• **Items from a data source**

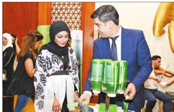
مدير أكاديمية المزين يشرح المنتج للحضور
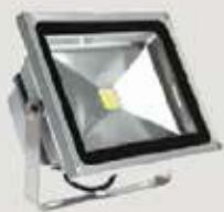
LED REFLEKTOR količina: 180
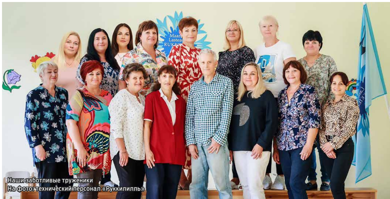
Наши заботливые труженики На фото: технический персонал «Рукиллиль»

За нелегкий и ответственный труд слов благодарности заслуживает каждый наш сотрудник, будь то педагог или технический работник, помощник или руководитель, работник
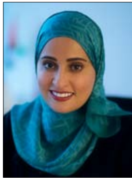
معالي عهد الرومي
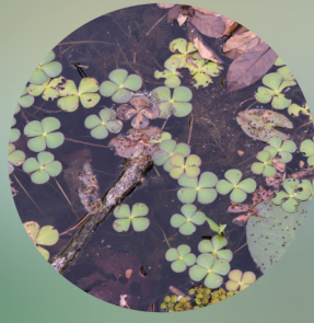
Marsilée à quatre feuilles
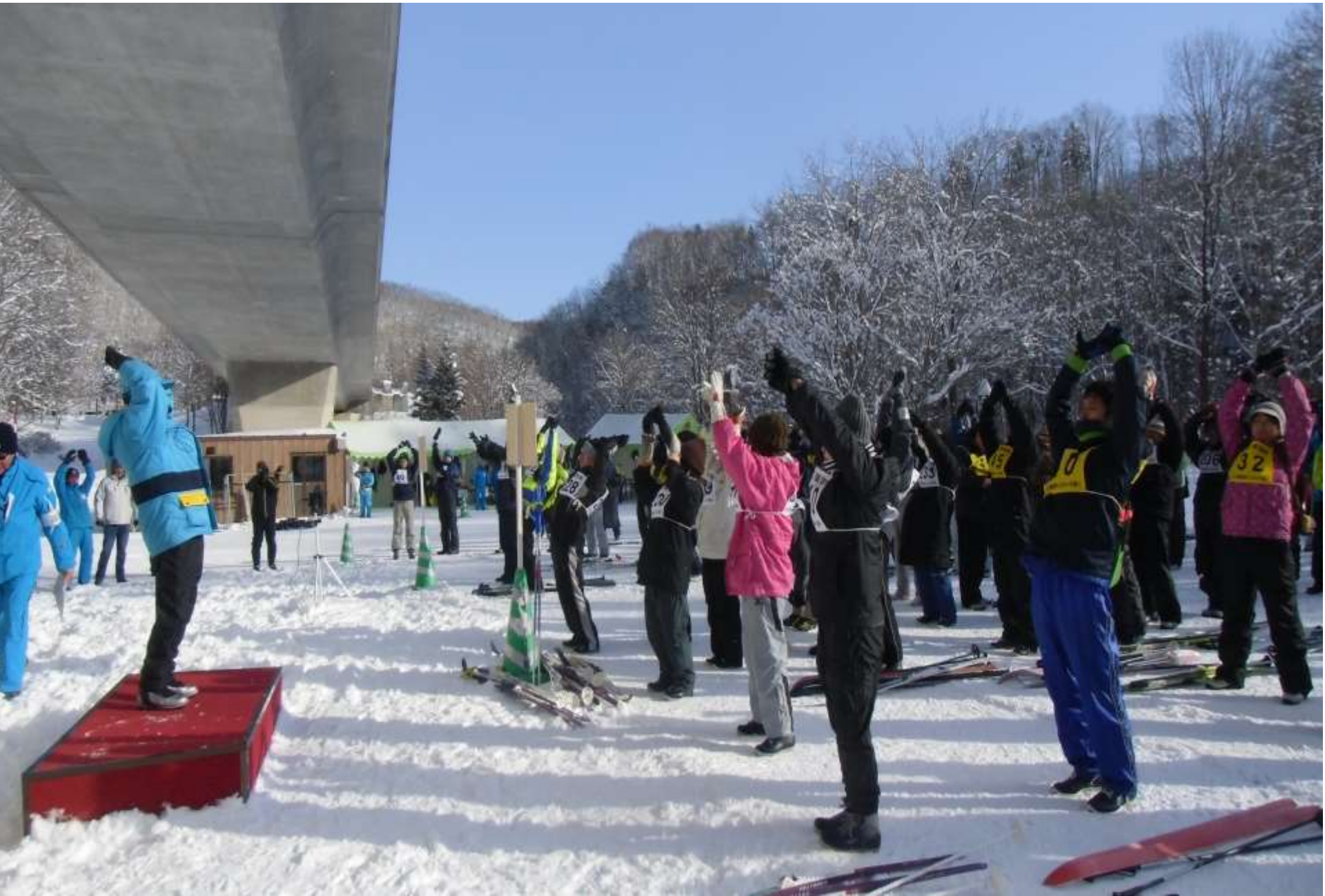
準備体操をする選手
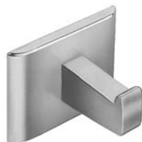
□ 911 PATÈRE SIMPLE SAILLIE DE 44 mm (1-3/4")
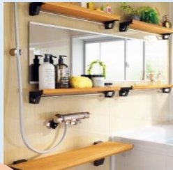
〈クリナップ〉アクリアバス・ユアアシ とってまクリンカウンター

ユニットバスのカウンターがカンタンにお掃除しやすいように各設備メーカー いろいろと工夫されています。 ご購入時の検討項目の1つに加えてみてはいかがでしょうか?
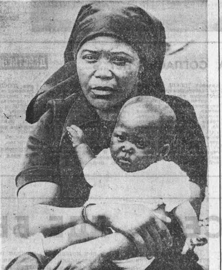
Трудящиеся Народной Республики Ангола отмечают в нынешнем году 25-летие создания Организации ангольских женщин (ОМА). Около миллиона членов насчитывается в ее рядах. Они активно выступают за мир и социальный прогресс, а также за всеобщее вооружение, за предотвращение ядерной войны. НА СНИМКЕ: протестантка из пригорода Луанды, столица страны.
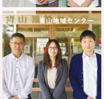
青山地域センター
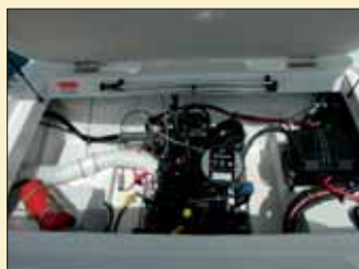
Bajo el solárium se esconde un potente motor de 135 CV gasolina perfectamente insonorizado.
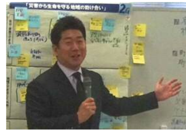
福田市長からのコメント
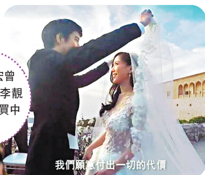
我們願意付出一切的代價

近期王力宏與小10歲的妻子李靚蕾已屢傳出婚變消息，近兩年在社交平台上更鮮有互動。前天傳出兩人婚變消息，王力宏前天下午在社交平台上親自回應兩人婚姻狀態，他表示：「在這些年的婚姻當中我做得不足的地方太多了，也感到很遺憾。現在我們對未來的生活方式有不一樣的想法和規劃，所以決定分開生活。雖然已提出申請，但是我們永遠會是一家人」。他還強調，兩人私生活很簡單、很單純，懇求外界給予隱私與空間，不要打擾家人，謝謝大家關心，也不會再回應任何媒體。
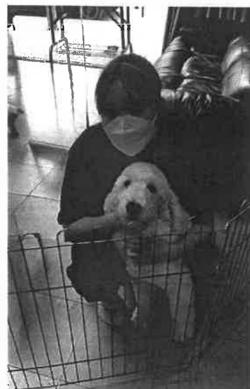
◆ 學員與完成寵物美容後的狗兒留影
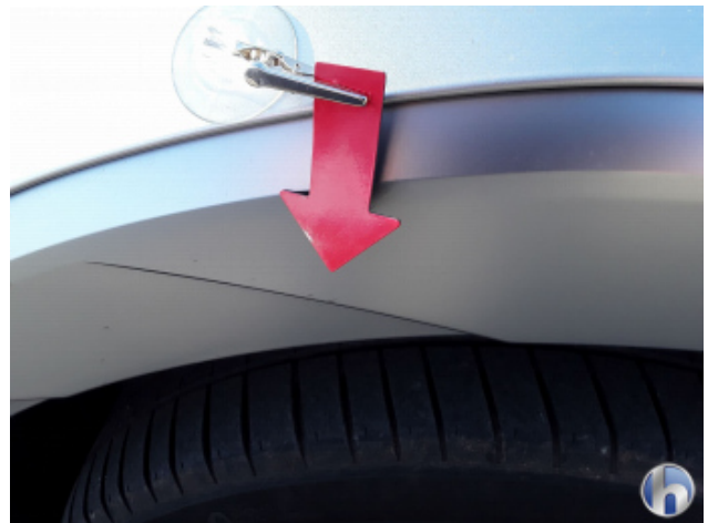
3. Radlaufverbreiterung re.vo. Kratzer - Lackieren
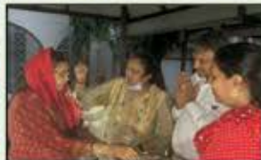
November 2023 CST to Kalyan Resident
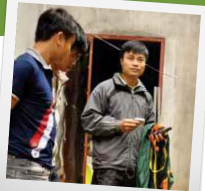
SCHULUNG IN ARBEITSSCHUTZ
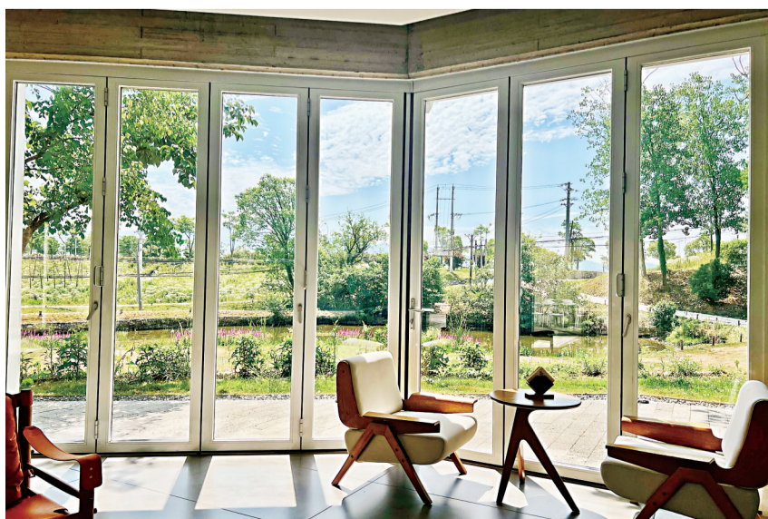
住进木兰暖村民宿，推窗即景。
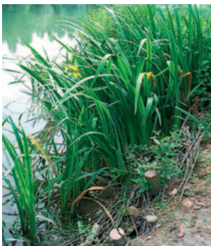
Reconstitution de la ripisylve par tressage de saules et implantation d'iris
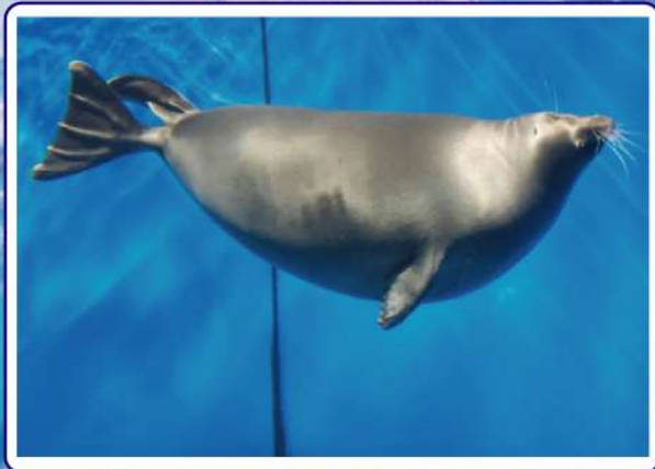
貝加爾生態博物館
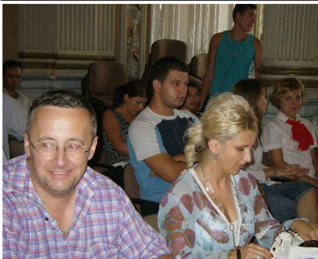
La începutul ședinței, s-a intonat imnul de stat.
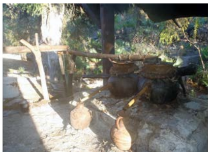
Figura 18. Canaletas sostenidas por horcones por donde corre el agua para enfriar la montera de los destiladores. Santa María Ixcatlán, Oaxaca.
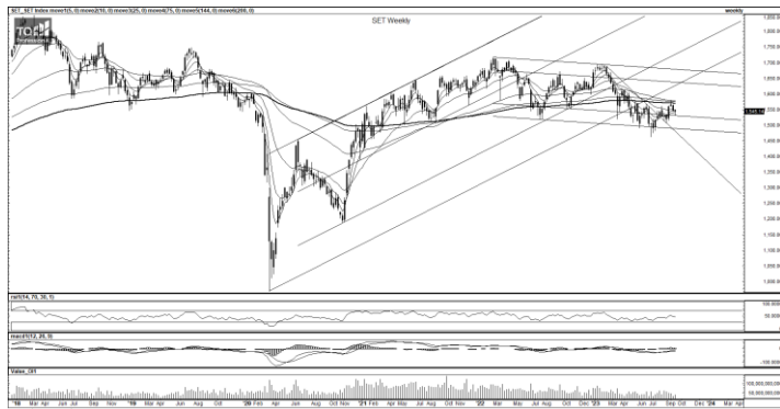
ที่มา: TQ Professional, TF weekly

กลยุทธ์การลงทุน SET Index ไหลลงมาทดสอบ Trend Line ก่อนดีดกลับมาปิดบวก พร้อม Indicator RSI ดัชนีเล็กน้อย ระยะสั้นใช้บริเวณแนวรับ 1,540/1,530 เป็นเกณฑ์ยืนได้ล้นพื้นตัวมีแนวต้าน 1,550/1,560
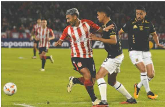
En la ida ganó Estudiantes 2-1 en Argentina el reciente 9 de abril

ESTUDIANTES: Matías Mansilla; Eros Mancuso, Federico Fernández, Zaid Romero, Eric Meza, Santiago Ascaibar, Enzo Pérez, José Sosa, Tiago Palacios, Mauro Méndez y Javier Correa; D.T. Eduardo Domínguez.
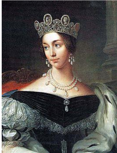
Josephine van Leuchtenberg

Op 19 juni 1850 trouwde Karel met de Nederlandse prinses Louise (1828-1871), dochter van prins Frederik.
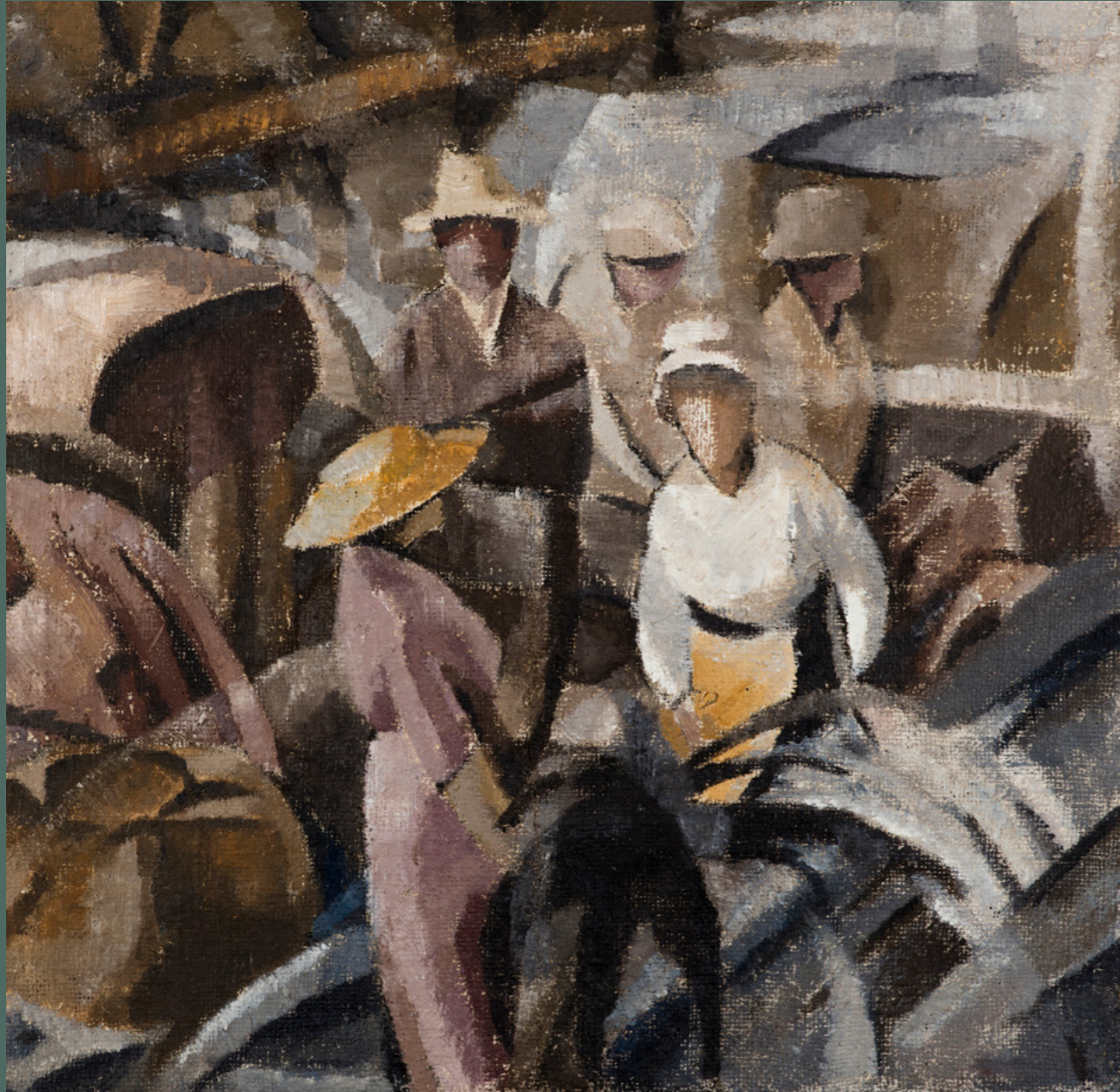
Laila Karttunen: Nimeämätön, 1920-luku, öljymaalaus kankaalle, 56 cm x 57 cm. Laila Karttusen kokoelma, Hämeenlinnan taidemuseo.
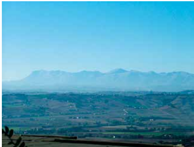
La catena dei Monti Sibillini, I monti azzurri

Si effettuano visite anche al vicino Santuario di Loreto.
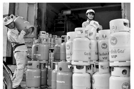
Giá bán lẻ gas tăng mạnh, gây áp lực chi tiêu đối với nhiều hộ gia đình.

Hiện nguồn cung gas trong nước vẫn phụ thuộc lớn vào nhập khẩu. Dù các doanh nghiệp đã chủ động phương án dự trữ, tăng cường nhập khẩu, song áp lực cung - cầu trong ngắn hạn vẫn hiện
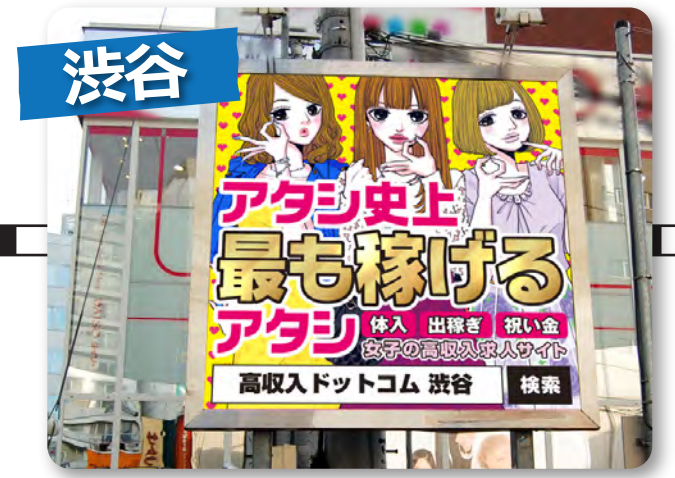
ギャルの聖地“センター街”で待ち構えています!
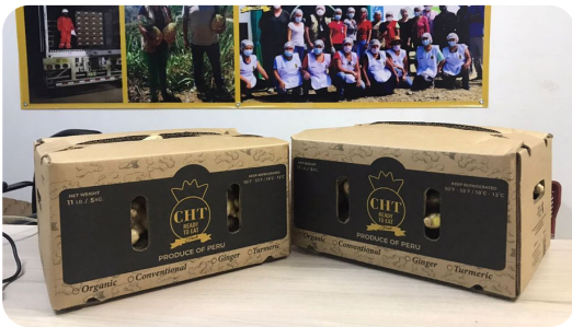
- 5 kg / 13 kg
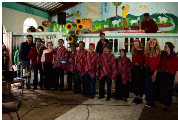
Mordores de Esperanza y voluntarios durante la inauguración
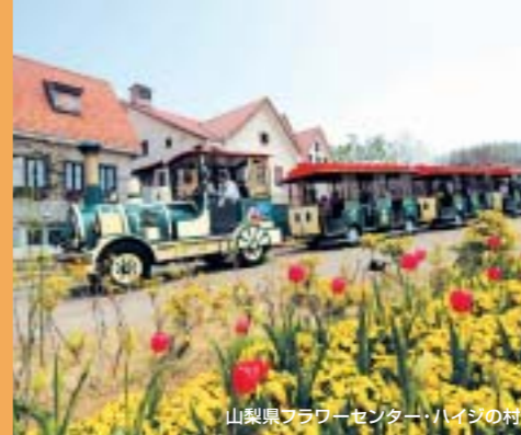
山梨県フラワーセンター・ハイジの村
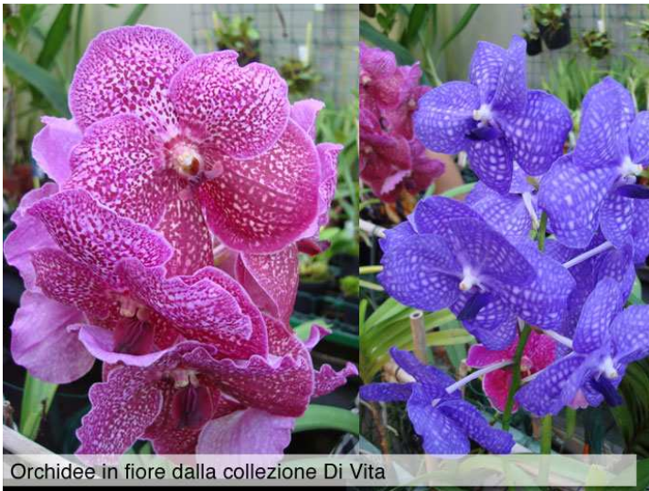
Orchidee in fiore dalla collezione Di Vita

è riferito ai 2 tubercoli radicali presenti in molte piante di questa famiglia che crescono nei nostri climi. Le orchidee sono diffuse in quasi tutti gli ambienti, dalle foreste equatoriali alla tundra, dalle foreste umide delle montagne tropicali alle regioni subdesertiche, dalla riva del mare al limite della vegetazione
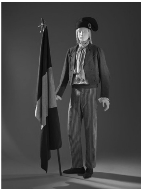
Slika 4: Kostim francuskog revolucionara poreklom iz običnog proleterskog naroda

[Izvor: https://www.pinterest.com/pin/331366485061513930/ - datum posete: 09.02.2021]
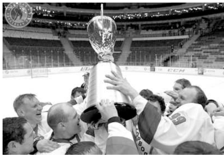
Вот он, Кубок Мечты!

Это событие осталось в нашем городе практически незамеченным. А между тем, новосибирская команда по хоккею стала в начале мая чемпионом России по хоккею!
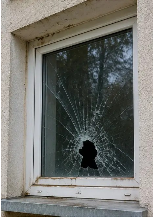
Foto Nr.7 Dritarja e dëmtuar e dokumentuar për vlerësim
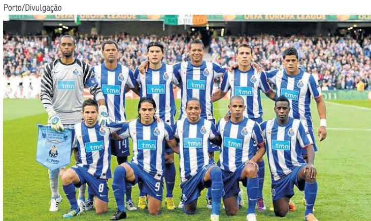
Porto encantou Portugal com o elenco de 2010/2011 (foto) e 2012/2013
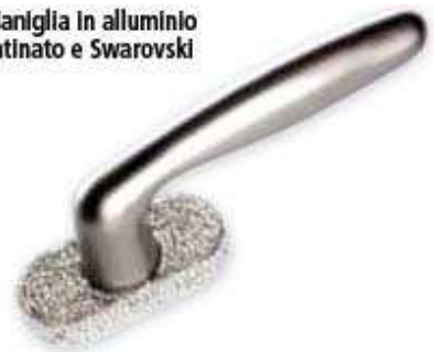
Maniglia in alluminio satinato e Swarovski
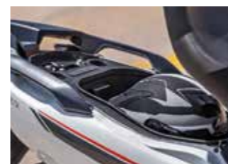
Για την κατηγορία των σπορ μεσαίων scooter ο χώρος κάτω από τη σέλα είναι επαρκής

Ο σύγχρονος κινητήρας Euro 5 του M310 είναι πραγματικά πολύ δυνατός και εύστροφος, προσφέροντας επιδόσεις που δύσκολα θα βρεις σε άλλο scooter με λιγότερα από 400 κυβικά
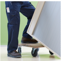
Korpus ab Werk fest verdübelt und verleimt für schnellen Aufbau vor Ort
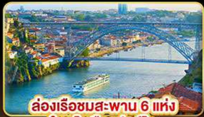
ล่องเรือชมสะพาน 6 แห่ง ในคูโรเมืองปอร์โต
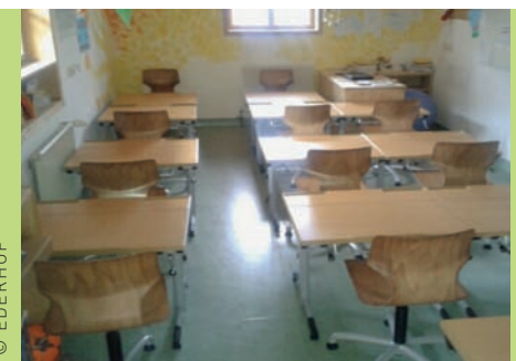
Wir danken Markus Wieser für wunderbare, neue Stühle und Tische

Doch genauso wichtig ist uns, dass die Kinder sich selbst als das wahrnehmen, was sie sind, nämlich Kinder, die Spaß und Freude am Leben haben sollen. Präventiv zu arbeiten, Wege und Möglichkeiten im sozialen Kontext aufzuzeigen, wird bei uns auf interdisziplinärer Ebene vollzogen. Ich freue mich auf mehr ...!
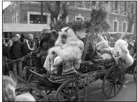
Lovas kocsin az új tavasz felé

• **Exercise description**
Output exactly those lines of the data above that run from the line with "- 5 kg / 13 kg" up to and including the line with "è riferito ai". No pictures go in.

• **Result for this task**
- 5 kg / 13 kg
Mordores de Esperanza y voluntarios durante la inauguración
山梨県フラワーセンター・ハイジの村
Orchidee in fiore dalla collezione Di Vita

è riferito ai 2 tubercoli radicali presenti in molte piante di questa famiglia che crescono nei nostri climi. Le orchidee sono diffuse in quasi tutti gli ambienti, dalle foreste equatoriali alla tundra, dalle foreste umide delle montagne tropicali alle regioni subdesertiche, dalla riva del mare al limite della vegetazione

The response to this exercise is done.